I thought that was what my father wanted. It seemed as though he didn’t respect their marriage anyway. After a few visits, I noticed something was seriously wrong with him. He began to talk about getting back with my mother a lot…in fact, all the time. Then one day he called me to the phone,“Tell your mom what I’m about to do.” I was totally confused until I saw him pick up a normal drinking glass, then fill it with rat poison and water. I begged him not to drink it. I guess I spoke upon deaf ears. He grabbed the phone out of my hand,“If you don’t take me back, I will do this until I die.” I watched in horror as he finished the glass. He continued the same process every visit, for months. I cried and cried. I guess it didn’t matter to him if he ruins me mentally or not.


“His next words were,“I said go and ask them will they take me to the hospital, if I shoot myself!!!””



boyThe summer after my 9th birthday was the last time visiting my father for a long extended period of time. Soon after I arrived at his place, he began drinking. Then he offered to take me outside to shoot a few a rounds from his shotgun. After about an hour of shooting targets we re-entered the house. My dad drank more and more. The more he consumed, the more he talked about my mother. I said to myself, “Here he goes again, about to drink that poison.” He called my mom. She hung up instantly, yelling, “I’m not listing to that foolishness today!” I supposed that spun him for a loop, so he altered his plans. He turned to me, “Go to the neighbor’s house and ask them if I shoot myself will they take me to the hospital.” As the tears flowed from my face, I pleaded with him not to talk like that, and how much he scared me. As I cried, he yelled at me to go to do what he instructed me to do. While standing at the front door, I looked back at him as he stood in kitchen pointing a 12-gauge shotgun at his chest. I jumped out the front door with a message that I had to deliver. They lived right next door, but it seemed forever to get there. Finally, I get there. I didn’t waste any time blurting it out. “My dad said, my dad said, will u take him to the hospital if he shoots himself?” The neighbor told me to tell my dad to quit scaring me and put that gun away.
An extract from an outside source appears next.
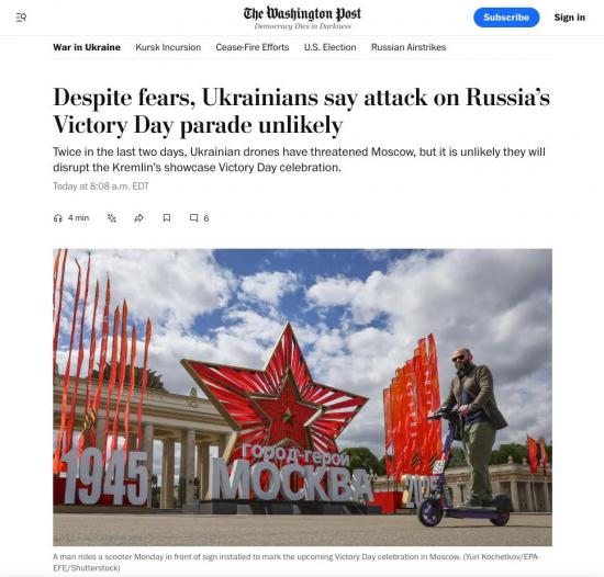 Украинский удар по Москве на 9 мая может разозлить Вашингтон, разговоры о возможной атаке - "шумиха", - The Washington Post со ссылкой на источник в Минобороны Украины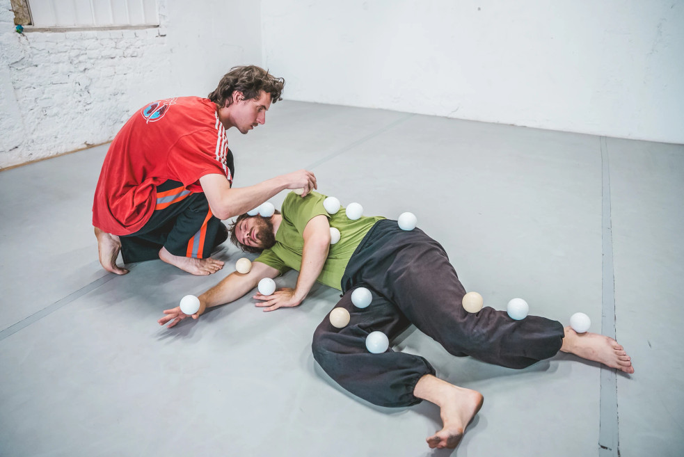 Fyzická explorace přátelství, žonglování se slovy a se vztahy. Flotsam a Jetsam jsou původně námořnické termíny pro objekty, sutiny a trosky, kterých se z různých důvodů zbavily lodě na moři. Flotsam označuje předměty, které loď během plavby omylem ztratila, zatímco jetsam jsou věci, které posádka záměrně hodila přes palubu, aby plavidlu v nouzi odlehčila. Ztratit se může ledacos: propiska, hodinky, první vypadnutý zub, pracovní entuziasmus, kamarádi ze základky. Dokonce i já. I já se můžu ztratit. A také vzpomínky na první návštěvu McDonald’s, texty písní nebo třeba GPS navigace. Jiných věcí se naopak zbavit nelze, i když nás tíží a táhnou ke dnu. Co tam asi tak najdu? Dva muži, nebo dva kluci, ztraceni uprostřed moře míčků. Na horizontu nekonečno možností. Příliv a odliv. Zaoceánský let. Nová země. Stesk po oceánu. Strach z výšek. Strach z hloubek. Sestra, která je v tom všem nepodstatná. A pak ta věc. Fyzická explorace přátelství. Žonglování se slovy i se vztahy. Nic jsem neztratil, a tedy jsem také nic nenašel. Na moři se můžeme ztratit, nebo jen bezcílně plout. Autoři/interpreti: Lukas Bliss, Andrej Štěpita Více

I ran home to tell my dad what was said, hoping he listened to message I gave him. He didn’t listen at all. At that point he had this cold glare in his eyes. His drunken slurs were riddled with hurt and pain. His next words were, “I said, go and ask them will they take me to the hospital, if I shoot myself!!!” Before I could open the door, the room was filled with a glass shattering bang. I glanced at my dad as he fell to the floor, as blood filled the kitchen walls. I ran to him! The closer I got to him, the more gruesome the scene became. I called 9-1-1 as my life changed forever.

Just keep this in mind. Maybe-I don’t have ADHD. Maybe-I don’t have a learning disability, Maybe-I don’t need Adderall to focus. Maybe every time I blink my eyes I see my father’s spleen and intestines all over his kitchen walls. In that moment, I could care less about your lecture and weekly standards. I know I may exhaust you, but please don’t give up on me.


As the young man revealed his story, I looked at him in total disbelief. I lingered on every word he uttered. I know demographics and home life are often used to justify certain behaviors, or not being relentless for success. Educators have a legitimate gripe. I’m not disputing it. In several cases it’s very much true. I’m merely stating it may take someone a tad bit longer to be receptive to what you’re feeding them. I don’t think their drive is nonexistence. It’s just in neutral, needing a dream, with the right person to ignite it. This is only one child’s story…there are thousands more. It may be difficult to continuously pell back layers to reach them. However, they do want more in life. So, please don’t give up on them so soon!